Reputation: 61646
P.S. The code below works fine. The problem was between the monitor and the chair. Answer by @jpgrassi sent me in the right direction to resolve it.
I have the following in program.cs:
public class Program {
public static void Main(string[] args) {
CreateWebHostBuilder(args).Build().Run();
}
public static IWebHostBuilder CreateWebHostBuilder(string[] args) =>
WebHost.CreateDefaultBuilder(args)
.UseSerilog((ctx, config) => { config.ReadFrom.Configuration(ctx.Configuration); })
.UseStartup<Startup>();
}
And in appsettings.json:
{
"Serilog": {
"MinimumLevel": {
"Default": "Information",
"Override": {
"Default": "Information",
"Microsoft": "Information",
"System": "Information"
}
},
"WriteTo": [
{
"Name": "RollingFile",
"Args": {
"pathFormat": "log-{Date}.txt",
}
}
]
},
"AllowedHosts": "*"
}
In the controller, I write out a log _logger.LogWarning("foo");
, but the file is not written out anywhere, there aren't any error that I can see.

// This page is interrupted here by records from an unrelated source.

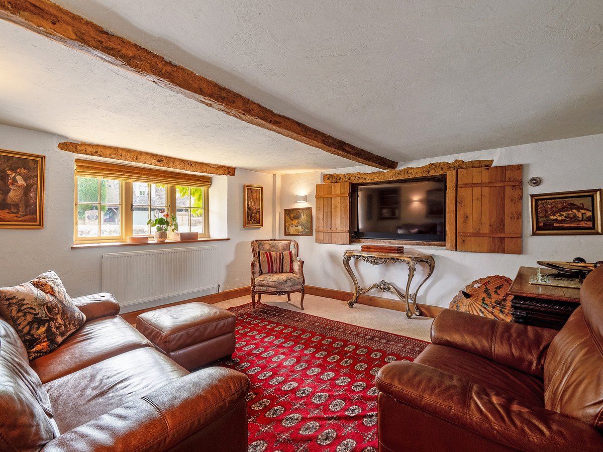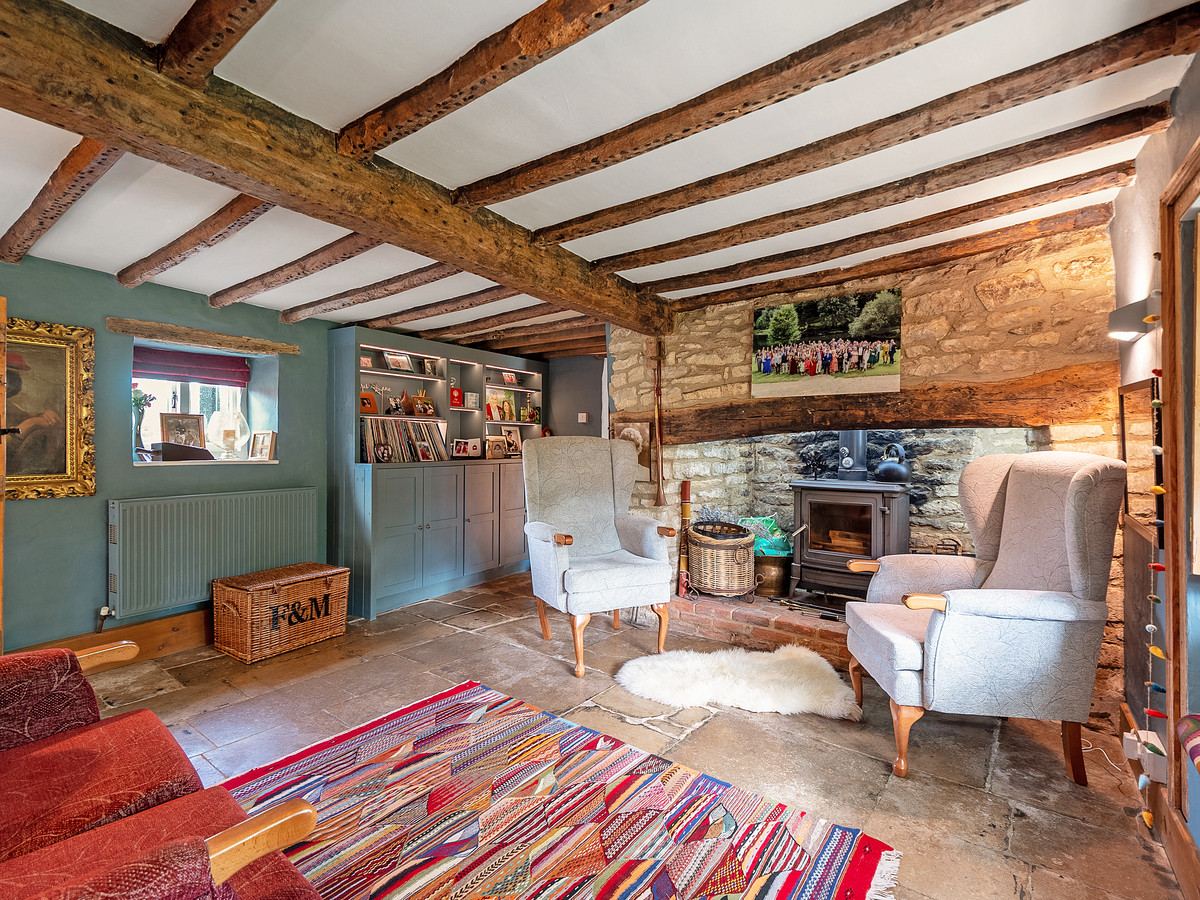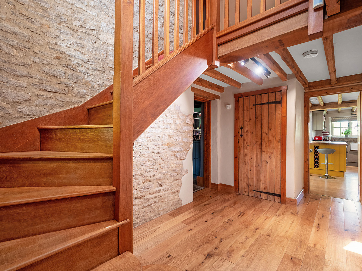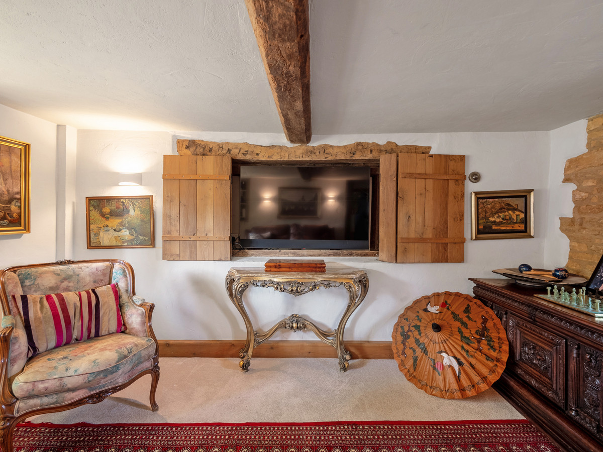 Constructed from traditional Cotswold stone with a partially thatched roof, the
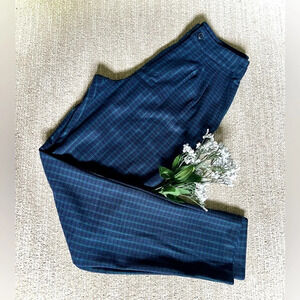 Forever 21 navy and green check plaid trouser pants in woven fabric. Zipper and button closure, front and back pockets, pleated front.
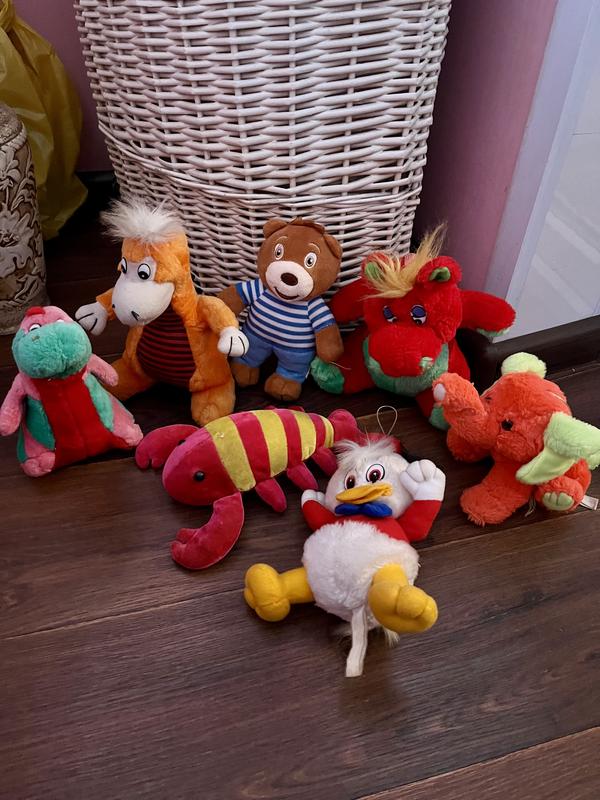 Набор мягких игрушек драконы, слон, мишка Барни, краб
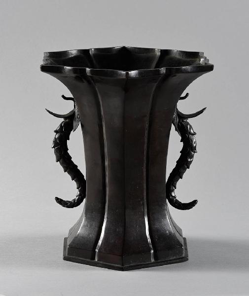 Vaso da fiori a pianta esagoale piede e bocca espansi e manici ad ansa fitomorfa. Le sei pareti sono bipartite e terminano modanate sul labbro. La forma dei manici è forse quella del bocciolo di glicine (fujibana) sormontato da tre foglie divergenti.
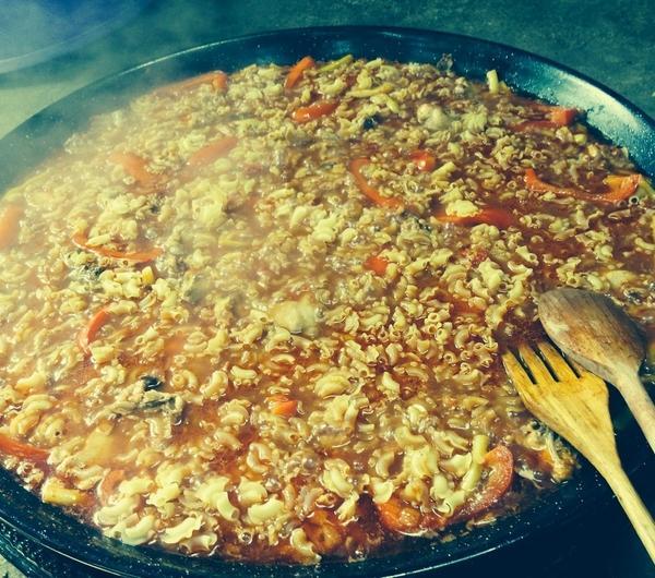 Na koniec przykrywamy danie np. dużą pieluch ą i pozostawiamy bez ognia kilka minut aż makaron ¨dojdzie¨.Podajemy z sosem AiOli . Ja w tym przypadku zrobiłem go na bazie majonezu, bez jajek, użyłem mleka jak w przepisie na Laktonez zamieszczonym prze zemnie .
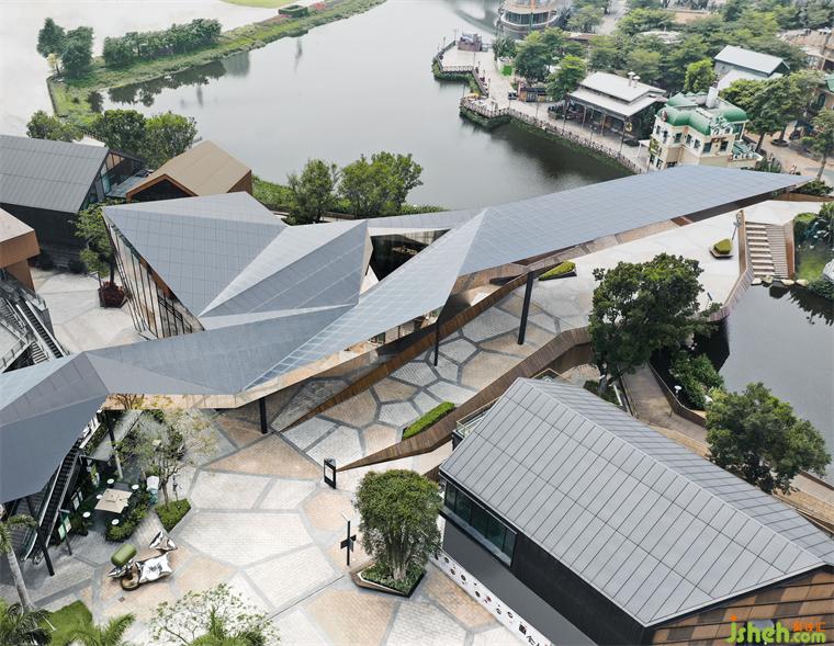 體驗中心設(shè)計從室內(nèi)向外生長的棱鏡造型,與建筑外部的雕塑達成銜接
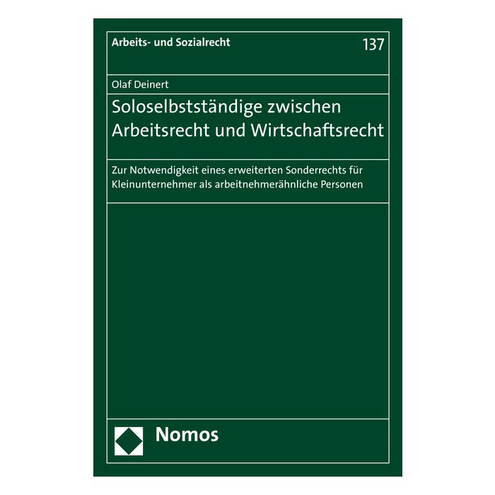Olaf Deinert untersucht ausführlich den sozialen Schutz kleiner Selbstständiger, die keine eigenen Arbeitnehmer beschäftigen (Soloselbstständige). Dabei wird nicht nur das Recht der arbeitnehmerähnlichen Personen in den Blick genommen, sondern auch sonstige bürgerlichrechtliche Bestimmungen. Dieser Schutz wird dem Schutz von Arbeitnehmern gegenübergestellt und mit diesem verglichen. Auch neue Erscheinungen wie Crowdwork werden in den Blick genommen. Am Ende wird eine Neubestimmung des Begriffs der arbeitnehmerähnlichen Person vorgeschlagen, die auch durch die Rechtsprechung bewerkstelligt werden könnte, um einen sachgerechteren sozialen Schutz wirtschaftlich abhängiger Personen zu erreichen.
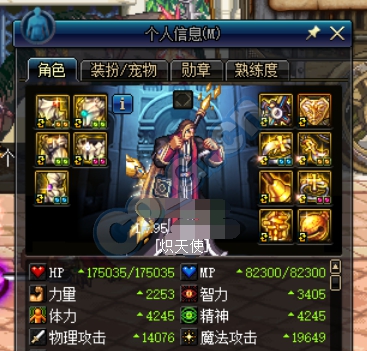 然而这套一身红智力2个白金的95a+武器防具首饰的审判伤害却是
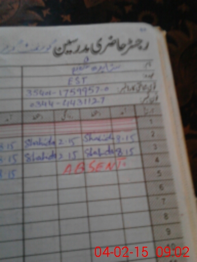 | Name: Na**** Ir**** Designation: (School Headmaster's/Headmistress's) SST Science Phone/Cell Number: 03**** |
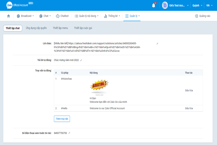 Lưu ý: Để xem trước tin broadcast, bạn cần thiết lập SDT sẽ nhận tin xem trước. Bạn có thể thiết lập SDT này tại trang Phần Quản lý ➞ Thiết lập tương tác ➞ Thiết lập chat ➞ Số điện thoại xem trước tin tức).
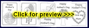 A set of simple Mother’s Day card designs that can be printed on card for children to colour and decorate.
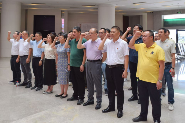 走进历史殿堂,感悟红色根脉。首站,党员干部们齐聚汕头市博物馆,在现场举行了庄重的重温入党誓词仪式。在青年党员代表的领誓下,全体党员干部整齐列队,面向鲜红党旗,高举右拳,庄严宣读入党誓词。铿锵有力的誓言在展厅内回荡,既是对入党初心的深情重温,更是对新时代新征程上社保人使命担当的坚定承诺。
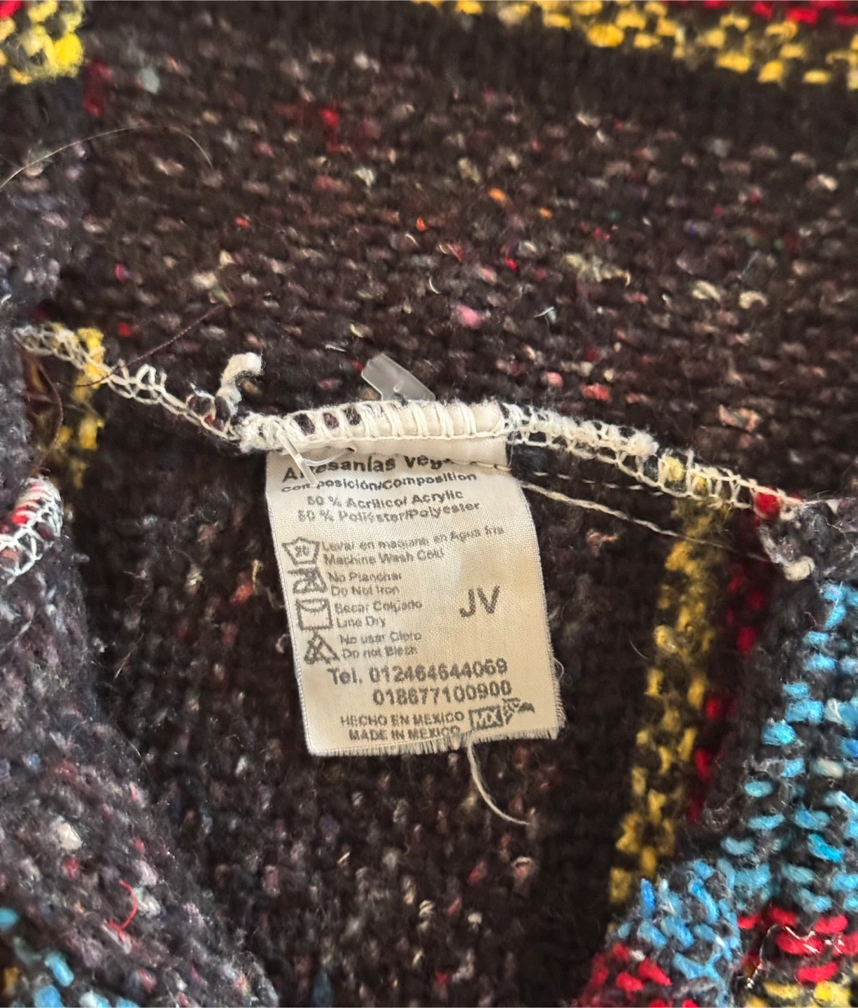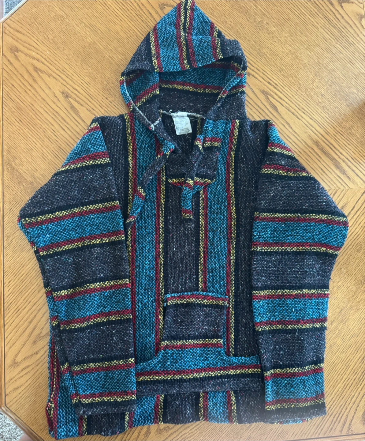 Cozy and colourful Baja hoodie! This hoodie is made of 50% acrylic and 50% polyester, perfect for keeping you warm on cooler days. It's a size medium and features a classic striped design with a front pocket. Machine washable for easy care!
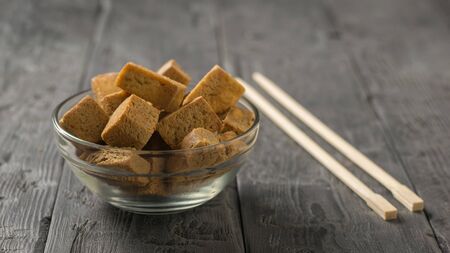 Pieces of fried tofu cheese in a glass bowl on a wooden table. Grilled cheese appetizer.
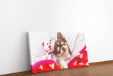 Leinwandbild Kleiner süßer Hund mit Kuscheltier Chihuahua Lustig
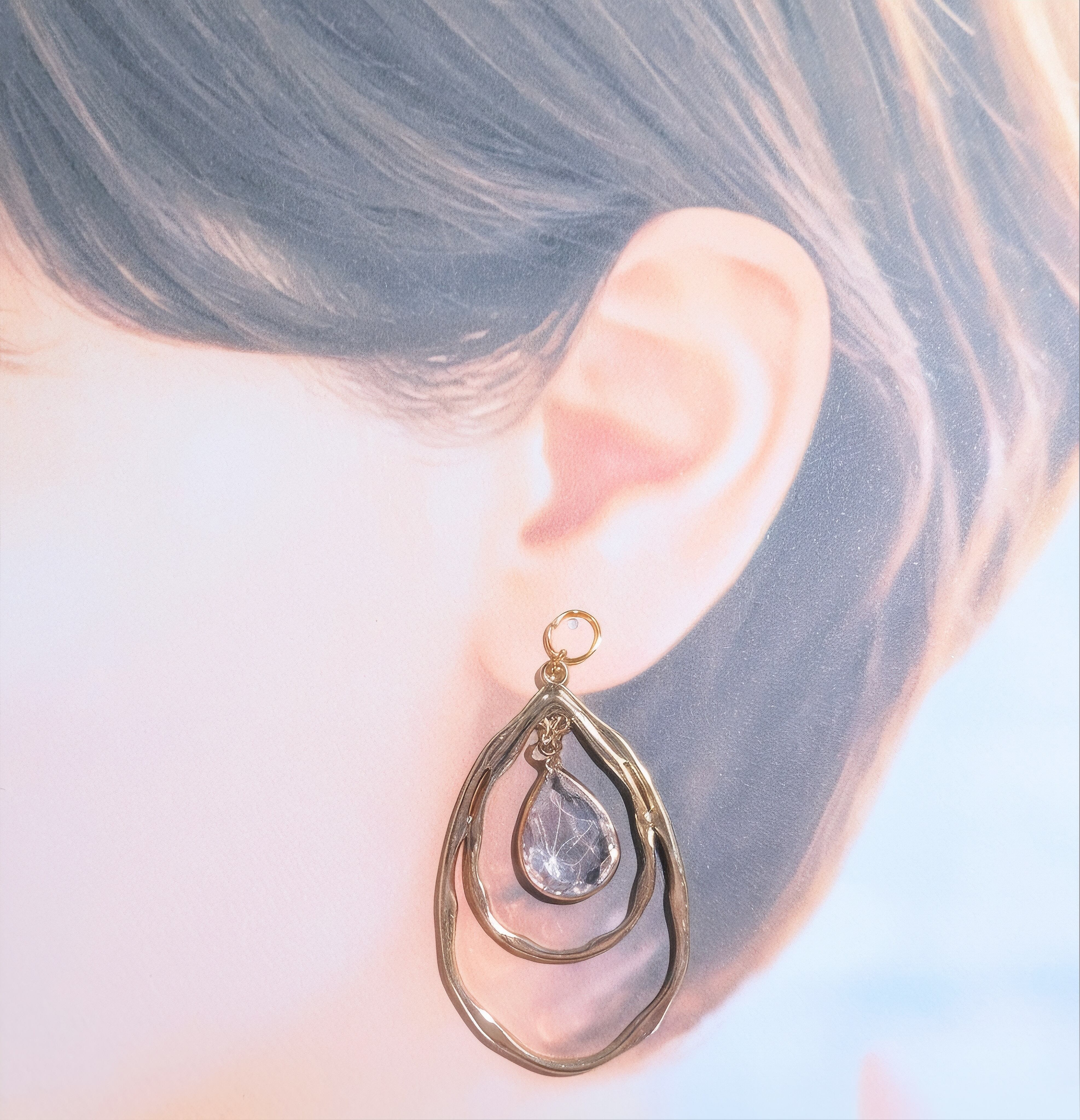ダブルリングの中にしずく型ガラスパーツが揺れる存在感あるチャーム
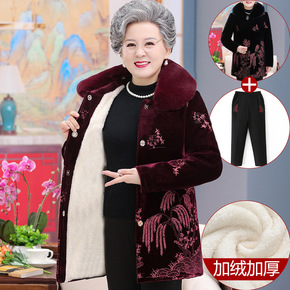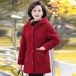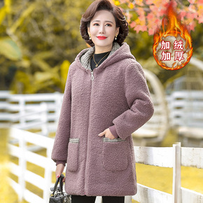 中年妈妈冬装外套加绒加厚羊羔毛上衣50岁中老年女装...
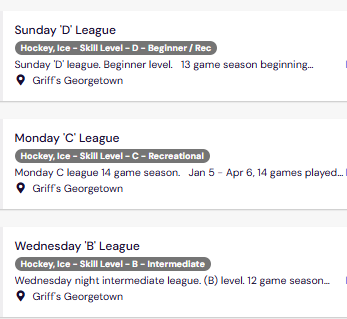 We have a variety of adult hockey leagues at Griff’s Georgetown, including men’s and women’s leagues, roller hockey leagues, co-ed and more.
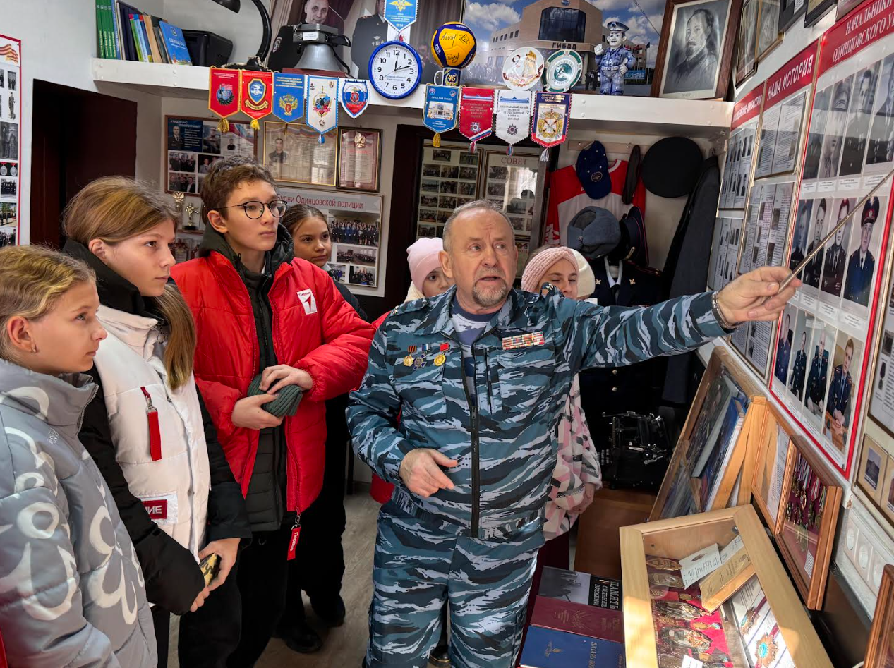 Участие в уроке принимали заместитель начальника Одинцовского УМВД полковник полиции Алексей Красников и председатель Совета ветеранов подполковник милиции в отставке Александр Тарасов. Ребята с огромным интересом познакомились с экспозицией музея, в котором выставлены образцы формы и документы, фотографии сотрудников управления, символика и другие уникальные экспонаты.
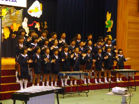 5年生。斉唱「歩いていこう」 二部合唱「銀河を見た」 リコーダー奏「星に願いを」「ホール・ニュー・ワールド」
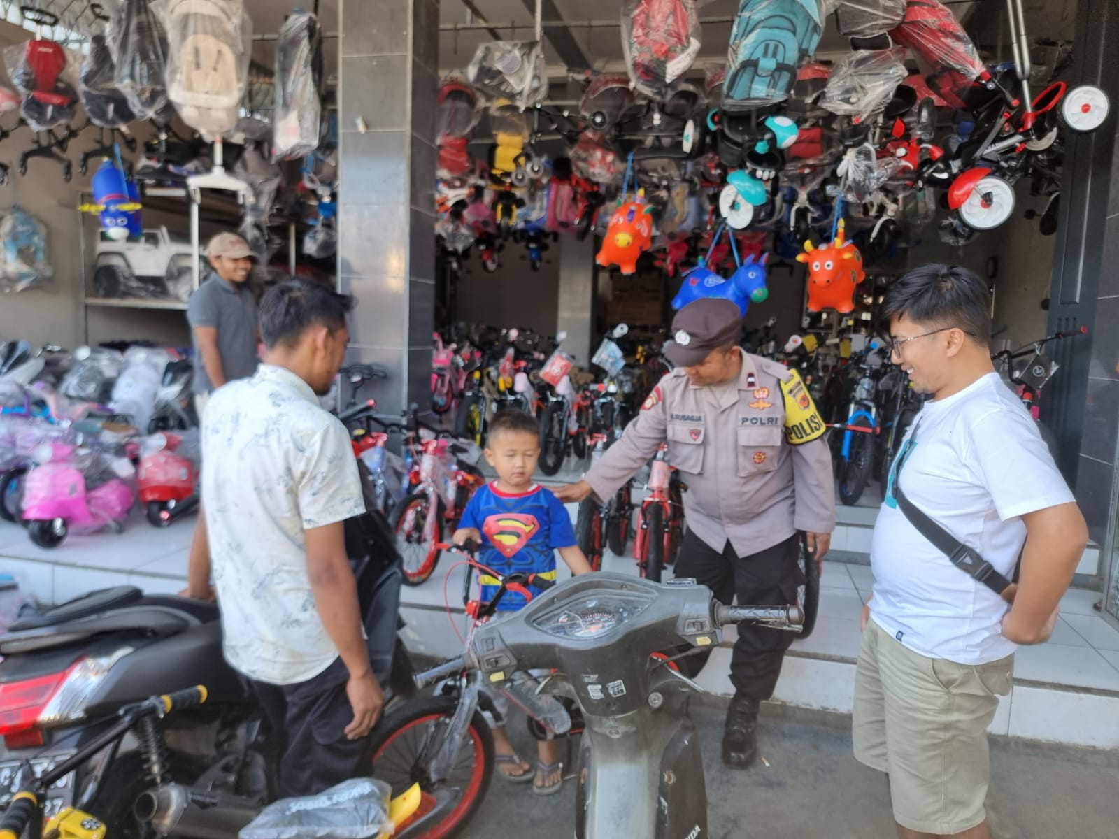 Majalengka – Bentuk upaya menjalin komunikasi dengan masyarakat, Ps. Panit Samapta l Polsek Cikijing Polres Majalengka Polda Jabar Aipda Eman Subagja melakukan patroli diseputaran Pasar Cikijing dan menyambangi salah satu Toko Sepeda guna menyampaikan himbauan Kamtibmas kepada pemilik toko maupun kepada pengunjung. Senin, (24/07/2023).
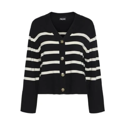PIECES Women's Pcsia Ls Cardigan Noos Bc Knitted Jumper, Black/Stripes: White, S

I've imported following packages from Nuget: Serilog, Serilog.AspNetCore, Serilog.Settings.Configuration, Serilog.Sinks.RollingFile.
What am I missing?
Upvotes: 8
Views: 12674
Reputation: 5762
I posted the original answer assuming the problem was the lack of the Using
property in the Serilog configuration. I always had it in my projects and it was the only thing missing in OP's settings. But, after posting the answer I tried different configuration alternatives, including the same as in the question and the logs were still being produced. Reading more, I found out that the Using
property is not necessary. From the serilog-settings-configuration
package:
(This package implements a convention using DependencyContext to find any package with Serilog anywhere in the name and pulls configuration methods from it, so the Using example above is redundant.) Source: https://github.com/serilog/serilog-settings-configuration
As it turns out (see question comments) the real issue was log file location and write permissions. Code-wise everything was already working.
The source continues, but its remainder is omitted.